■ Problem to work on:
Retype only what runs from the first line of the records to the line with "Power Line Filter", inclusive, and no pictures.
*** Provided data ***
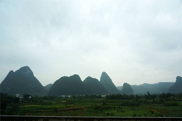 很快我们的车就来了,大家上车前往阳朔,一路上阵雨连连,雾气漫漫。
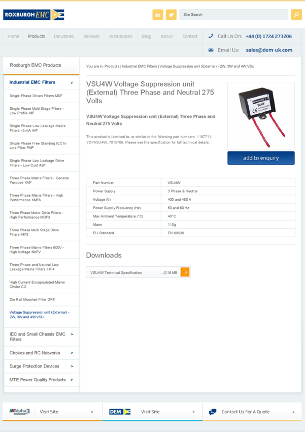 Power Line Filter 50Hz/60Hz 150A 500Vac Threaded Stud Flange Mount
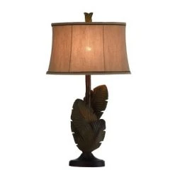 The Islamorada table lamp is made using a natural look that draws from vintage South Pacific favorites. It features a dual leaf pattern in Gray with a wentworth bronze base and body for a clean finish. Add its beige hardback fabric shade and get an authentic throwback style for the modern home. Highlight your home décor with this Islamadora Table Lamp Bronze Cloud from the Signature Collection by StyleCraft Home Collection. This lamp has a leaf shape finial and matching base that compliments the linen shade and rattan inspired base. This piece exemplifies superior product design and great styling at an unbeatable price. This will pair well with tropical styling and is sure to be a conversation piece. Regardless if you put it in the bedroom or family room, this lamp stands out. Suitable for residential use in a dry location. This table lamp is UL listed in compliance with the nationally recognized safety standards.
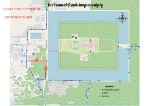 カンボジアでは9月21日-23日がプチュンベン(お盆)、9月24日が憲法記念日となりますので、この連休明けからの施行となる予定ですが、アンコールワットのお堀の南西の角の部分は車両は入れなくなります。
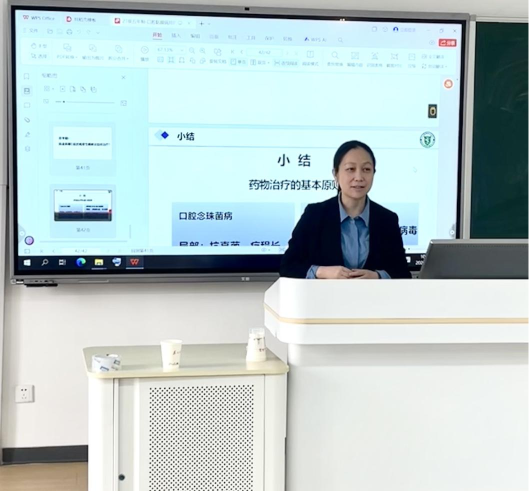 刘青教授作为《口腔临床药物学》(第六版)主编、中华口腔医学会口腔药学专业委员会主任委员,在国内口腔临床药学领域具有重要影响力。活动期间,刘教授为五年级学生开展黏膜病学药物专题示范教学,结合最新研究成果与临床经验,系统讲解诊疗思路与药物应用,教学严谨生动,极大激发了学生的学习兴趣。此外,他还针对口腔黏膜病学教学提出宝贵建议,强调理论与实践相结合,加强临床能力培养,并分享最新科研进展,为教师教学提供丰富资源。
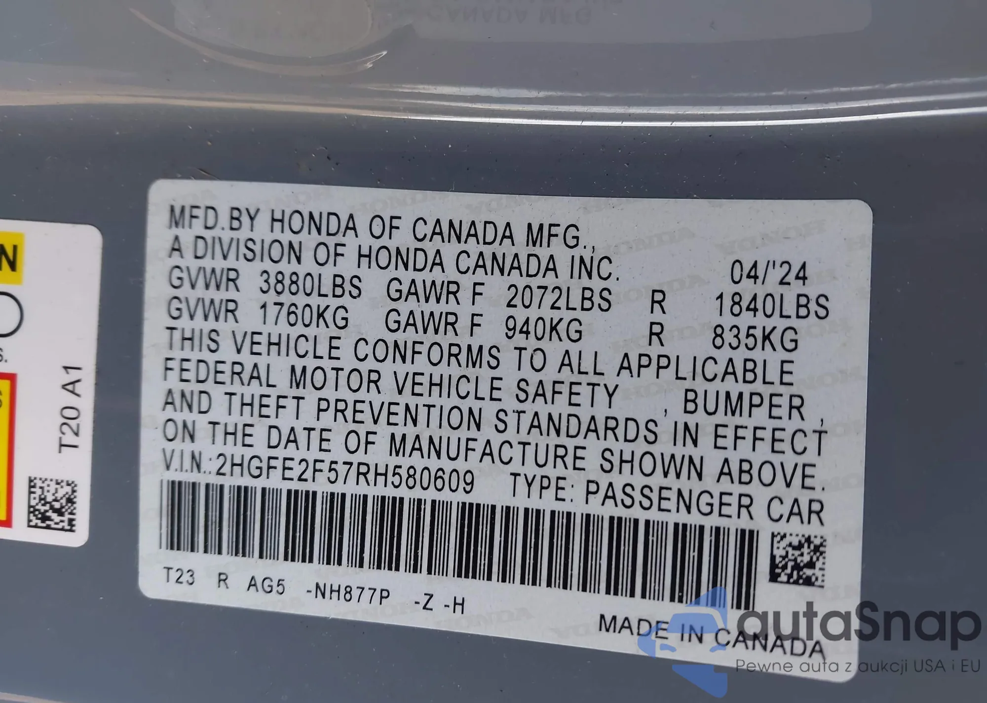 VIN: 2HGFE2F57RH580609
*** End of Provided data ***
■ Answer to the exercise:
 很快我们的车就来了,大家上车前往阳朔,一路上阵雨连连,雾气漫漫。
 Power Line Filter 50Hz/60Hz 150A 500Vac Threaded Stud Flange Mount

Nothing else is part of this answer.